• [What you should do] Could you set down exactly the lines in the records below between the line holding "冷えててちょっと固めに感じる" and the line holding "Baby thin short-sleeved", inclusive?

• [Records to use]
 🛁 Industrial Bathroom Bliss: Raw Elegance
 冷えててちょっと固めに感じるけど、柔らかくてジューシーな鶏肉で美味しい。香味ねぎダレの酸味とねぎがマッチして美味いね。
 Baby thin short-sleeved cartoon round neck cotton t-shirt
* * *
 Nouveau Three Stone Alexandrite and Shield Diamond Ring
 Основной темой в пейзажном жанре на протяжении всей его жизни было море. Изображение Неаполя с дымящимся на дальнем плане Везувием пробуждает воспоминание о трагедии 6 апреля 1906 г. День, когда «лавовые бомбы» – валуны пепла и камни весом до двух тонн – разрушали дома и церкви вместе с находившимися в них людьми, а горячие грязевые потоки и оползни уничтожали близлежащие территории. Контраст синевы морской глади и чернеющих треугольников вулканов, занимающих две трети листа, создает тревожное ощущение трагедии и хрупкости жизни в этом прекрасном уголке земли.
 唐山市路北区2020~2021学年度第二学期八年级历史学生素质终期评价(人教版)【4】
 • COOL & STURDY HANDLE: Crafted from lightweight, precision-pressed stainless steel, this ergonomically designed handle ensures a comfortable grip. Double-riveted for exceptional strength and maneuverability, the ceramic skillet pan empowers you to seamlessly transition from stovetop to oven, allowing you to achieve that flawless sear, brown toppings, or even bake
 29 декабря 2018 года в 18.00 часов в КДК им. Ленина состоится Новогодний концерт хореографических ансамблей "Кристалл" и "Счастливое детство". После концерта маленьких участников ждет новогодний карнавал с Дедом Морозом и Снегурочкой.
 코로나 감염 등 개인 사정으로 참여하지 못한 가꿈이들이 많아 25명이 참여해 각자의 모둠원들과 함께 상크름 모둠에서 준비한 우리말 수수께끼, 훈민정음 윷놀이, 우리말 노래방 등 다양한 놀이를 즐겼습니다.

• [Expected answer]
 冷えててちょっと固めに感じるけど、柔らかくてジューシーな鶏肉で美味しい。香味ねぎダレの酸味とねぎがマッチして美味いね。
 Baby thin short-sleeved cartoon round neck cotton t-shirt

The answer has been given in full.